Around the year 1995, Chavez Abarca met Posada at the Moldtrock car workshop owned by Jose Ramon San Feliu in El Salvador. San Feliu was close to Posada Carriles, and just like his father, Ramon San Feliu Mayoral, he had close links to the Salvadoran rightwing party ARENA.

In that first meeting, Posada proposed to bring explosives into Cuba, but later “he showed me everything, how to make a bomb”, confessed Chavez Abarca. “He took care of tickets, the accommodation, everything. I only had to give him my passport”, he said, adding, “he told me to stuff the explosives in a pair of boots”. “He paid $2,000 for every bomb blast”, said Chavez Abarca. The Salvadoran set up three but only one of them exploded. Still, the devastation at the Hotel Melia Cohiba nightclub earned him congratulations from Posada. “They wanted Cuba to be included in the list of countries ‘dangerous’ for tourists”.

“I don’t have good memories of Posada”, he admitted, “He treats people as if they were expendable objects”.

Subversion and Terrorism

The story is well known: a young Italian tourist, Fabio Di Celmo, lost his life and various people were wounded during that wave of terrorism.  The victory of the Cuban Revolution on January 1, 1959, drove US hegemony in Latin American to a crisis.

It’s no secret that after the fiasco of Bay of Pigs, in April 1961, the White House was forced to deal with a new reality: the Island could not be crushed through domestic or external coups d’etats backed by propaganda campaigns.

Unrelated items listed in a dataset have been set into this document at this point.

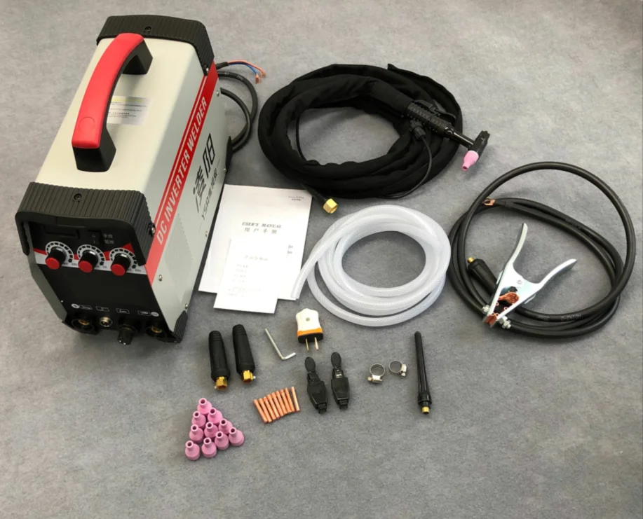 Посылка C: 1 шт. Электрический сварочный аппарат 1 шт Аргон дуговой сварки факел 4 м 1 шт. сварочный колпачок Фарфоровый рот 10 шт. Вольфрамовый игольчатый зажим 10 шт. 2 шт. переключатель фонаря 1 шт трахея 3 м 1 шт провод заземления 2 м 2 шт. хомут для шланга 2 шт. быстрый разъем 1 шт. гаечный ключ 1 шт. крышка 1 шт. Вилка питания 1,63 Вольфрамовая игла в коробке Сварочный зажим 1 шт. 1 шт сварочная проволока 5 м 1 шт. перчатки 1 шт. измеритель аргона Сварочный стержень 1 шт.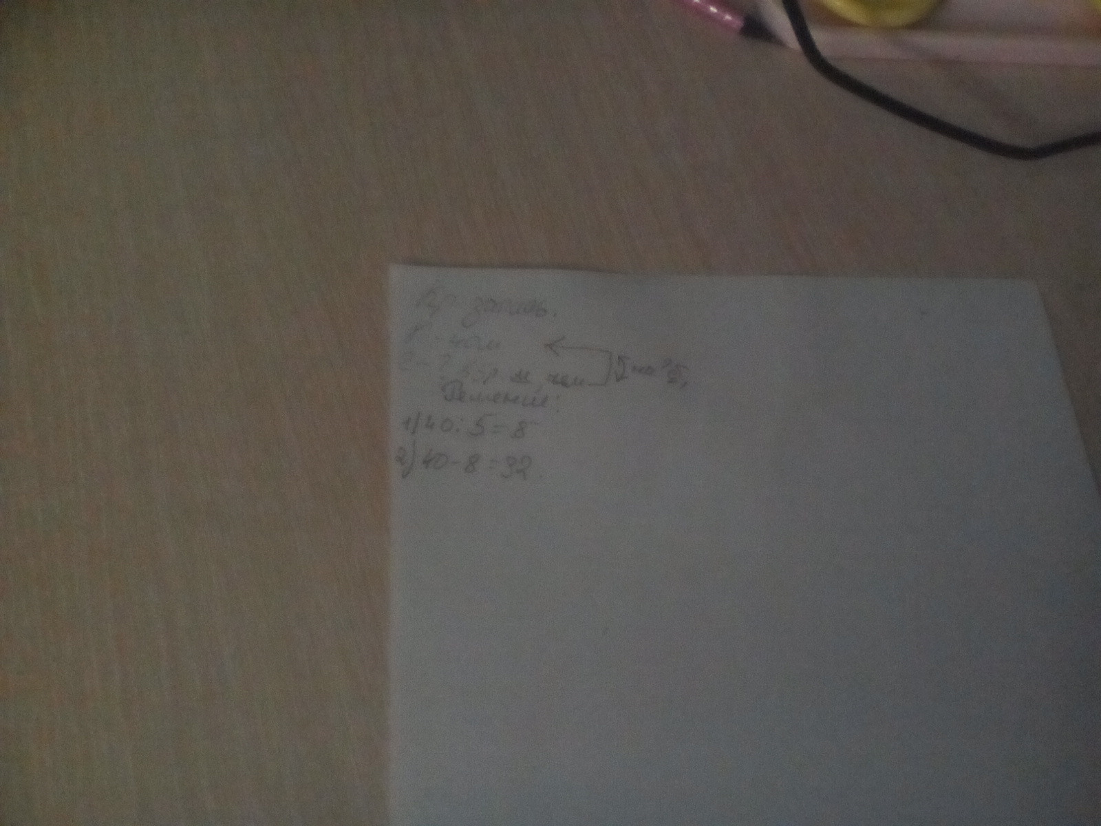 Коля пробежал 40м а сергей в 5 раз меньше метров. На сколько метров больше пробежал Коля чем Сергей?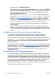 ● Désinstallez tout logiciel que vous venez d’installer. ● Restaurez le système à partir du jeu de disques de récupération que vous avez créé ou restaurez le système sur sa configuration usine d’origine dans HP Backup and Recovery Manager. ATTENTION : La restauration du système effacera toutes les données sur le disque dur. Assurez-vous de sauvegarder tous les fichiers de données avant d’exécuter le processus de restauration.
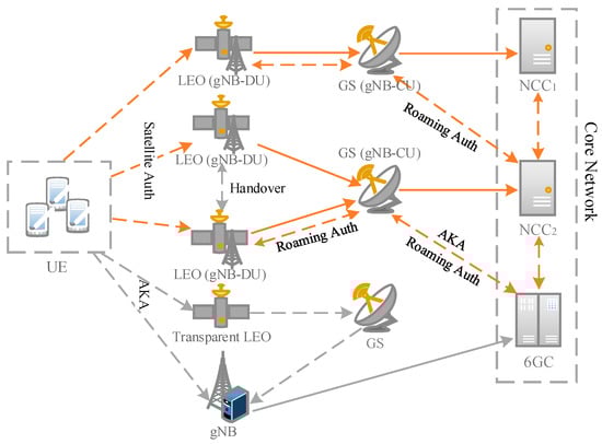 The protocol model of the SGIN is shown in Figure 2. The protocol involved in this paper is represented by orange lines. The dashed lines mean that the channel between two entities is insecure, and the solid lines are the contrary. The UE, connected to the satellite, can access the NCC through the two protocols designed in the following section. In addition, since regenerative satellites are equipped with gNBs, the UE can also access the 6G core network through regenerative satellites, transparent satellites, or gNBs, using the AKA protocol. When it is necessary to handover satellites due to their movement, the satellites plan the handover strategy independently. This process is transparent to the UE. When the UE needs to roam between networks of the same operator or roam across the networks of different operators, they have to use the protocols of the presented roaming authentication phase according to the situation. The protocol architecture aims to address the required access methods and performance for heterogeneous terminals.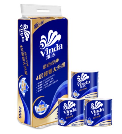 Vinda roll blue classic roll toilet paper 4 layer 200g each 10 volume 2000 grams 6 $ 180 yuan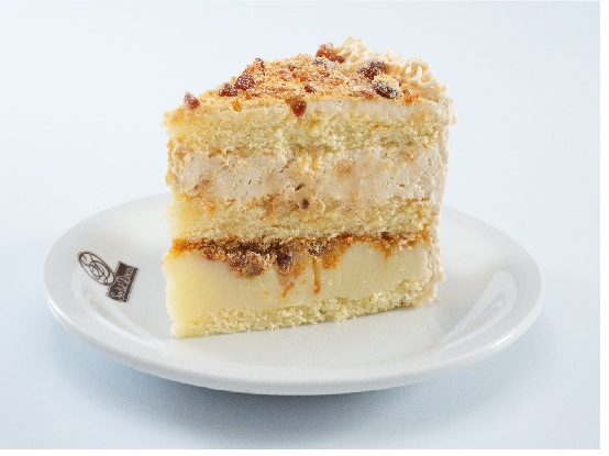 Bolo de massa branca, recheios de leite condensado com crocante de caramelo e mousse branca com crocante de caramelo, cobertura de mousse branca e crocante de caramelo.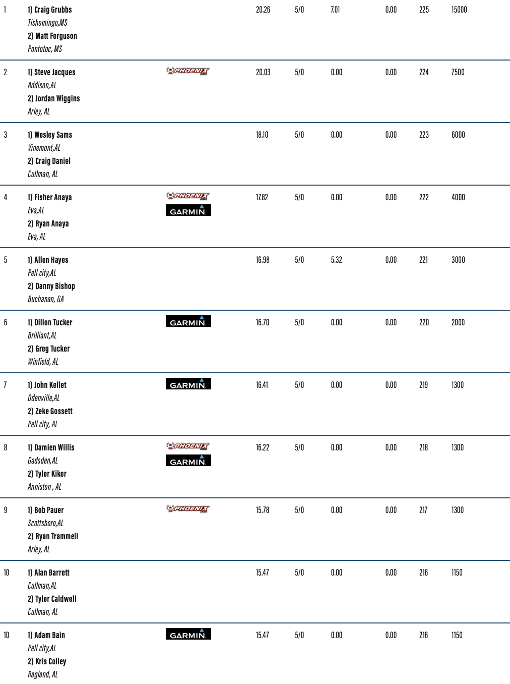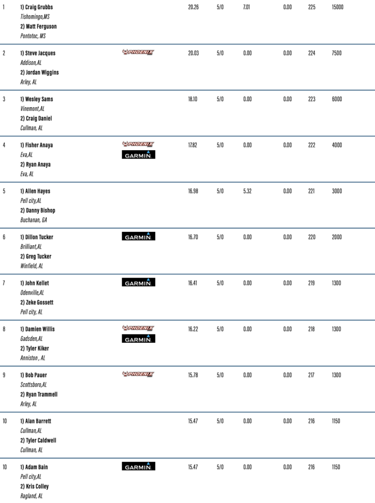 The top ten standings are below for a complete list of standings please visit: https://dev-alabama-bass-trail.pantheon.io/lewis-smith-lake/results/

So Washington fostered intelligence operations against Cuba, establishing rings of agents to carry out espionage, terrorism, sabotage and subversive propaganda and to systematically develop smear campaigns to discredit Cuba’s policies. They also tried to create social and economic conditions in the country conducive to a counterrevolutionary political climate.

The United States then tried to isolate the Cuban Revolution diplomatically through an instrument of economic warfare aimed to thwart social development: the blockade. Washington helped fabricate, through covert means, groups of so-called “dissidents” to provide the image of a domestic political opposition as an alternative to the revolution before international public opinion.

A number of terrorist groups sponsored by the CIA have played a key role in this dirty war against Cuba since 1959. Many tried to assassinate Fidel Castro, hundreds of times, but their every plan has been dismantled and defeated.